If you follow us at all on Twitter, you've probably heard us complaining and celebrating success with the RFM69 radio we're using on the badge. Through many frustrating hours of tedious debugging of the radio's registers and a lot of trial and error we believe we've narrowed down an issue related to production of the radios themselves.
Issue: Occasionally we would notice the badges unable to receive data. It turns out the radios were getting stuck in a frequency synthesizer mode waiting for PLL to lock. RFM69 has an automatic sequencer (that we're using) that does the job of walking the radio through standby, receive, synthesizer, etc modes as our application switches it. Frequency synthesizer is an intermediate mode between standby and receive. According to the data sheet the radio should spend about 60 usec in this mode before jumping to receive. In our case it was getting stuck.
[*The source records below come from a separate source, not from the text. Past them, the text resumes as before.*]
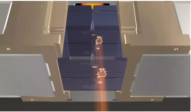 Halcyon創(chuàng)造性地配備了瓦里安獨(dú)有的“雙子星”雙層高速多葉準(zhǔn)直器系統(tǒng),該系統(tǒng)采用雙層交錯式設(shè)計,漏射率非常低。另外,上下兩層葉片可以一對一相互跟隨,這樣讓靶區(qū)邊界的劑量更低了。通過這些創(chuàng)新設(shè)計,Halcyon在計劃質(zhì)量上有很大的提升。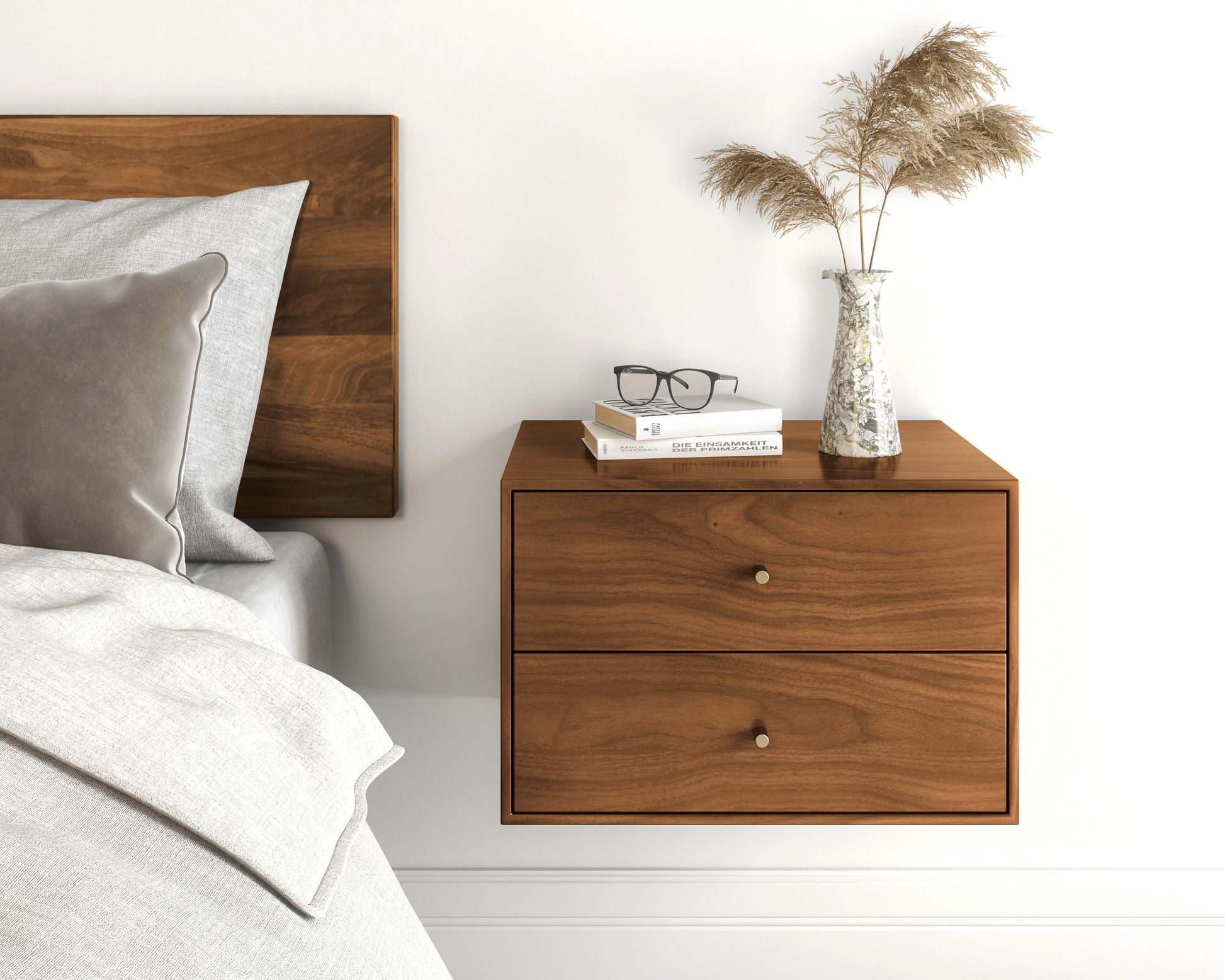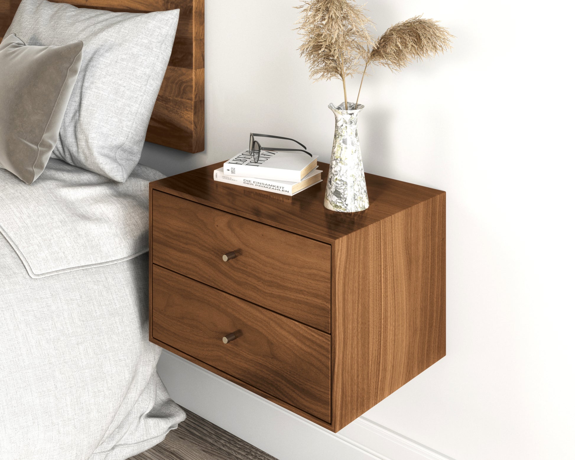 This minimalist floating bedside table with 2 drawers, inspired by iconic Mid-century design, is crafted by hand in solid Black Walnut wood.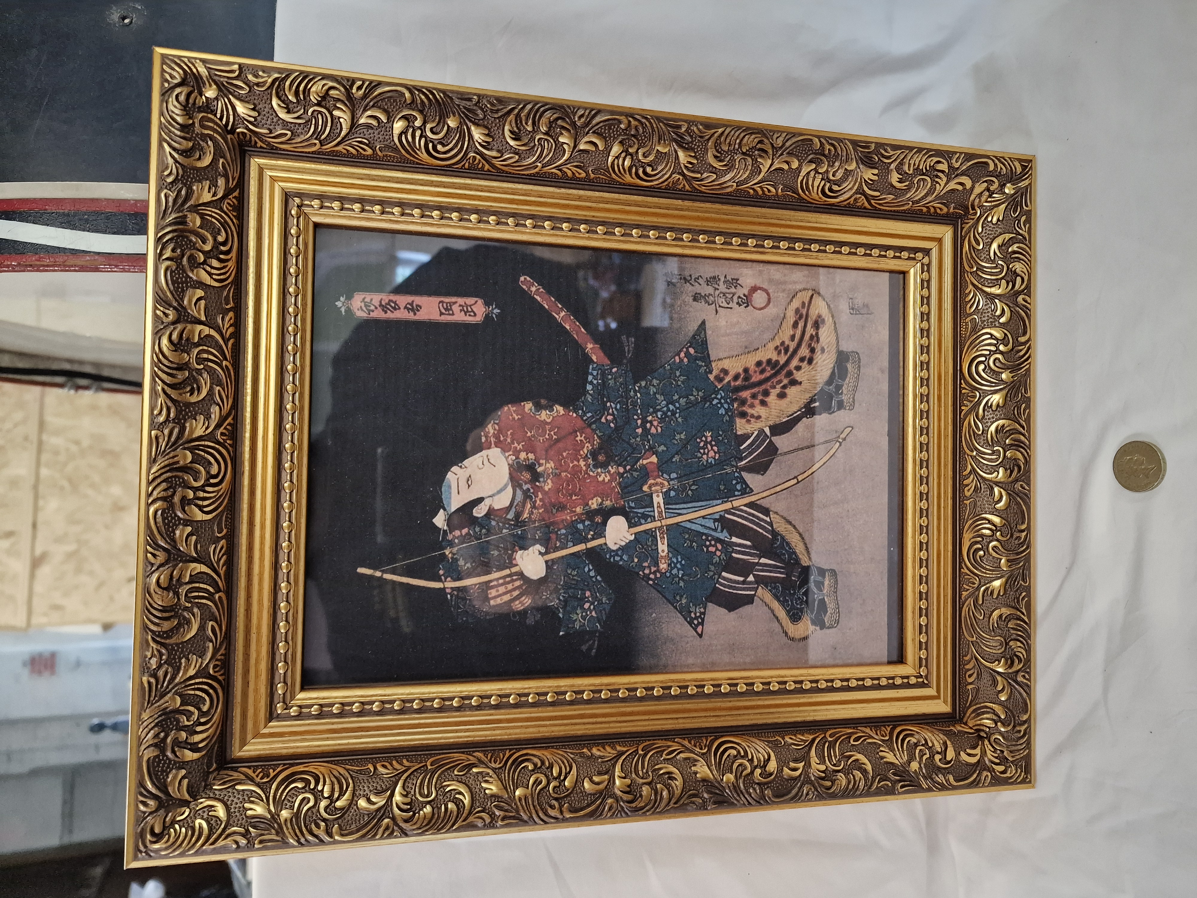 A framed Japanese woodblock prints depicting samurai warriors, including one featuring a figure with a bow in an ornate gold-toned frame.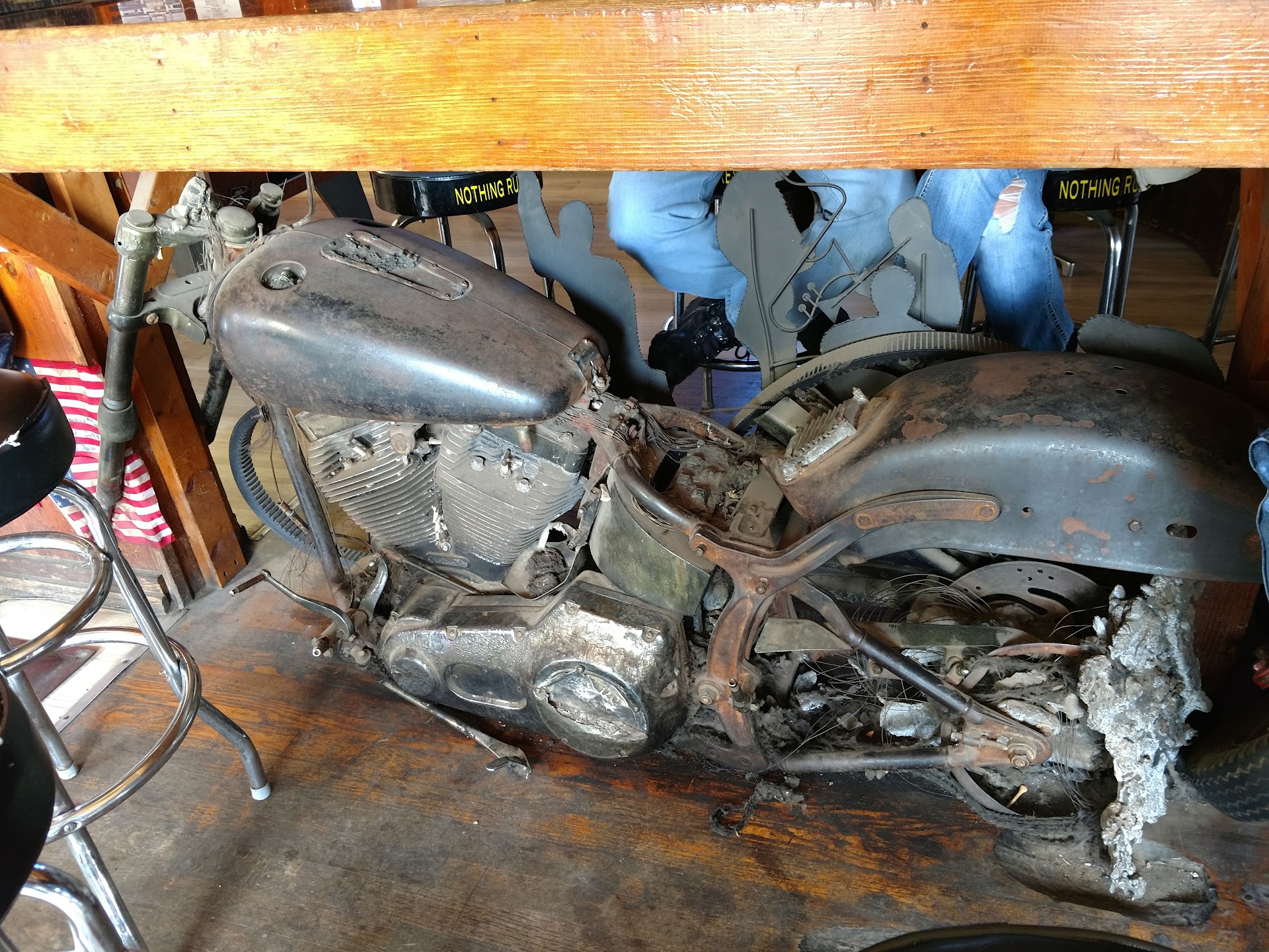 Love the old school feel of a American Classic Biker Bar. It is now, nothing like that. At All! Still has the bra's on the ceiling, signed dollars from travelers all around, an most importantly the Historical Motorcycle made of Bones in it's safe enclosure behind the glass Wall. The "Not made in America" motorcycles hanging in the trees on the property , an the Old bus parked out back where the outside deck is located for live entertainment. All that kinda washes away when you walk in an the bartenders act like they don't see you an a man in a dress is singing karaoke to music your grandmother would never approve. So I personally won't go back an I don't recommend to someone passing through thinking it's a Biker Bar.....Well, cuz now...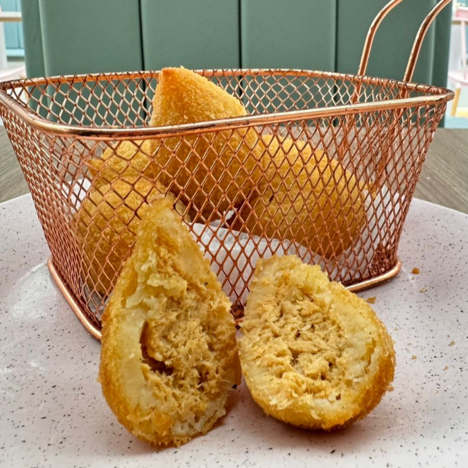 Descubra o encanto da nossa Coxinha de Frango com Catupiry Original, uma das estrelas da nossa categoria 'Os mais vendidos'. Com uma massa delicadamente moldada à mão, recheada com um frango desfiado suculento e enriquecido com Catupiry Original. obs.1: Produto de consumo imediato obs.2: Não é possível alterar nenhum produto, retirar ou adicionar ingredientes. obs.3: Os produtos podem ir com vencimento para o mesmo Dia.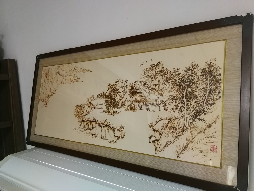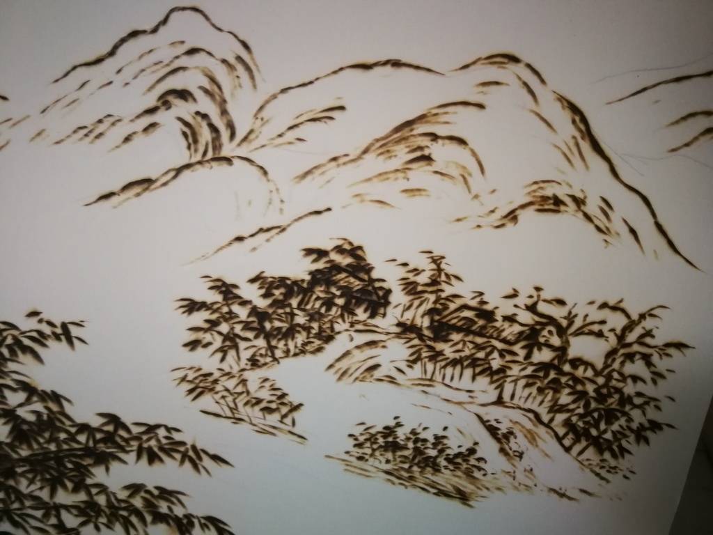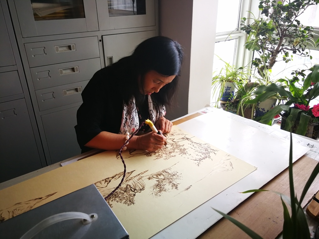 高崇秀的火绘作品创作时间短则需要半个月,长的则需要两个多月。她说,从构思到创作,她都要认真地推敲,自己的火绘作品想表达出怎样的意境,需要使用横幅还是条幅的纸张、需要多大尺寸,再到山水、人物等需要画在画纸上的哪个位置、比例多大等,都是需要经过长时间的思考斟酌。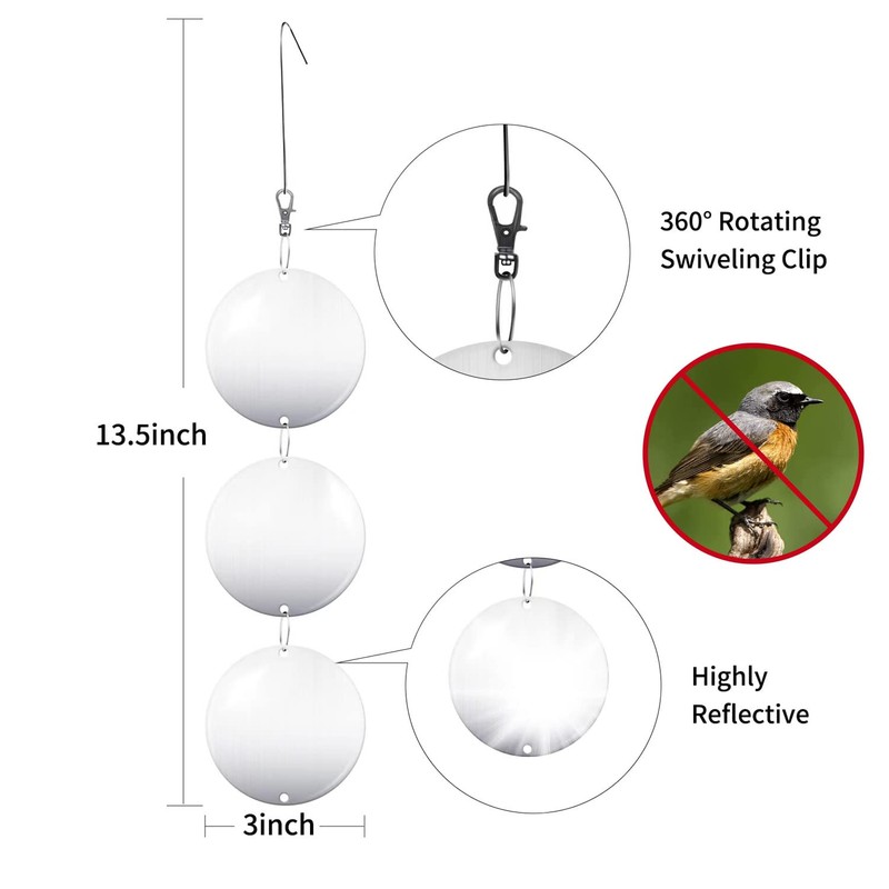 - Scare Birds Away - Featuring large 24 pcs Discs,this bird scare device maximizes its bird-scaring presence. The multi-faceted refraction points, combined with the motion from the wind, effectively scare away, confuse, and prevent woodpeckers, pigeon and other birds from becoming accustomed to the environment, with optimal results achieved in direct sunlight and a gentle breeze.
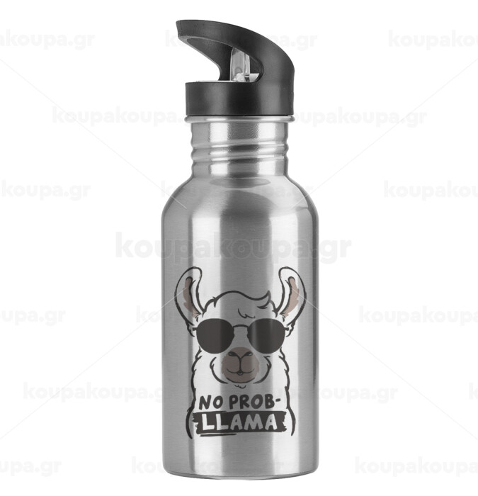 No Prob Llama, Water bottle Silver with straw, stainless steel 600ml

Hours and hours of debugging lead us to be able to recreate the issue (cycle the badge several times by removing the battery) and detect the issue (opmode = synthesizer and irqflags ready = 0). Every register we tried to manipulate to get it into a receive mode failed. Even re-initializing the radio failed. As a workaround the badge now detects the issue on startup and prompts the user to cycle the badge by removing the battery. Not ideal, but it works.
Eventual Solution: Over the past few months my four year old has become interested in what I've been working on. He likes to watch the animations and flashing lights. This past weekend I let him play with it only to have him drop it on the floor. Upon picking it up and restarting, the radio failed every time it was restarted. I inspected the radio and found this:
Notice the capacitor is dislodged from one of its pads.
After fixing the capacitor the PLL lock failure went away. I wasn't able to repeat anymore either. Not even once after many battery removals. This leads me to believe the dislodged capacitor is a load capacitor for the 32mhz crystal (also pictured). Without it, the radio doesn't have a good reference clock and can't lock.
We've started producing a few of the badges now for DEFCON. Part of the production process includes a functional tests of each component. The third badge produced came up with the PLL Lock error when first booted. Upon inspection, its capacitor was also dislodged. It turns out the next four radios inspected also have this issue to various degrees. Most are good enough. There is clearly a manufacturing QA issue here.
Fortunate for us, this is a simple fix. The capacitor is extremely small but doesn't take much work with a soldering iron to straighten it out.